In a groundbreaking advancement for marine research, scientists from the prestigious Massachusetts Institute of Technology (MIT) and the Woods Hole Oceanographic Institution (WHOI) have engineered an intelligent autonomous system designed to pinpoint the most scientifically valuable sampling locations across vast and previously unexplored oceanic territories.
Environmental scientists frequently face challenges when attempting to collect samples from "maxima" – locations of particular scientific interest within any given environment. These might include areas with the highest concentration of substances, such as chemical leakage points where the concentration remains highest and least contaminated by external variables. However, a maximum can represent any measurable parameter researchers aim to investigate, including water depth or coral reef sections most exposed to atmospheric conditions.
Traditional approaches to deploying maximum-seeking robots have been hampered by significant efficiency and accuracy limitations. Conventional robotic systems typically employ lawnmower-like patterns to cover designated areas, a time-intensive approach that often results in numerous scientifically irrelevant samples. Alternative systems that detect and follow high-concentration trails to their source frequently encounter misleading scenarios. For instance, chemicals might accumulate in crevices distant from their actual source, causing robots to falsely identify these high-concentration areas as the origin point.

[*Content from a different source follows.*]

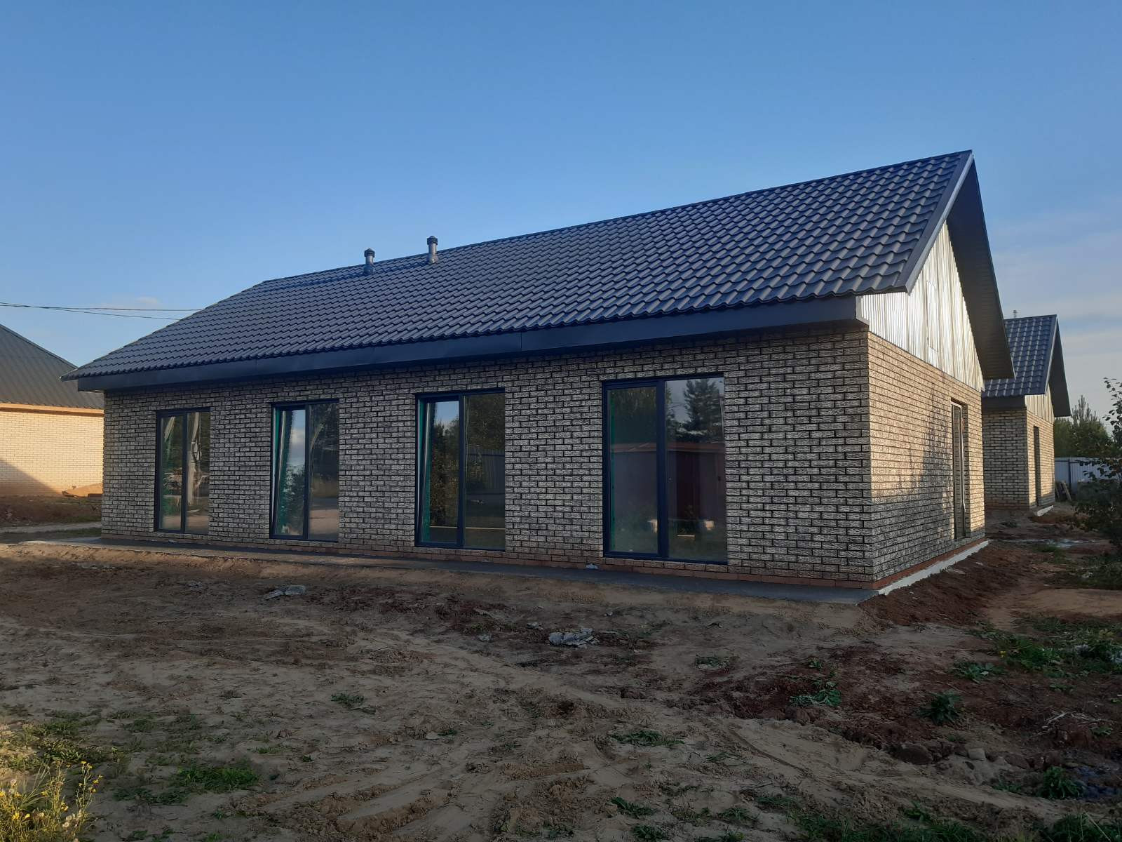 Одноэтажный дом выполнен из газоблока, утеплен минеральной ватой 100 мм и облицован кирпичом на темном растворе.

Presented at the renowned International Conference on Intelligent Robots and Systems (IROS), the researchers unveiled "PLUMES" – an innovative system that empowers autonomous mobile robots to locate maxima with unprecedented speed and efficiency. By leveraging sophisticated probabilistic techniques, PLUMES predicts pathways most likely to lead to maxima while successfully navigating obstacles, shifting currents, and other environmental variables. As the system collects samples, it evaluates acquired information to determine whether to continue along a promising trajectory or explore uncharted territories that potentially harbor more valuable samples.
Critically, PLUMES successfully reaches its intended destination without becoming trapped in deceptive high-concentration locations. "This capability proves essential, as it's remarkably easy to mistakenly identify fool's gold as genuine treasure," explains co-first author Victoria Preston, a doctoral candidate in the Computer Science and Artificial Intelligence Laboratory (CSAIL) and the MIT-WHOI Joint Program.

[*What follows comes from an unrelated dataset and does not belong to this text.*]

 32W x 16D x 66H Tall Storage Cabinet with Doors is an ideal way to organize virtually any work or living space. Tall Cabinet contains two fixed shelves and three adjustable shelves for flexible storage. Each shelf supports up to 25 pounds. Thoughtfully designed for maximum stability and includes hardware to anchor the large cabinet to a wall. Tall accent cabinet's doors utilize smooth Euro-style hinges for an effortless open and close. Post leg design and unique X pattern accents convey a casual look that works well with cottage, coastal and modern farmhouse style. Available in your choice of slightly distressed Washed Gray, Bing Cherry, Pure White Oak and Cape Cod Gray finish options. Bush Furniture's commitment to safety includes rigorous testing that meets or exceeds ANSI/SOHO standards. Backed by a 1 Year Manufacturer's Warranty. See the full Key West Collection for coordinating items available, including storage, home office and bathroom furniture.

The research team engineered a PLUMES-equipped robotic vessel that successfully identified the most exposed coral formation within the Bellairs Fringing Reef in Barbados – specifically locating the shallowest point, which provides valuable insights into how sun exposure affects coral organisms. Across 100 simulated trials in diverse underwater environments, a virtual PLUMES robot consistently collected seven to eight times more maximum samples compared to traditional coverage methods within designated time periods.
"PLUMES executes the minimal exploration necessary to identify the maximum before rapidly focusing on collecting valuable samples at that location," notes co-first author Genevieve Flaspohler, a doctoral student in CSAIL and the MIT-WHOI Joint Program.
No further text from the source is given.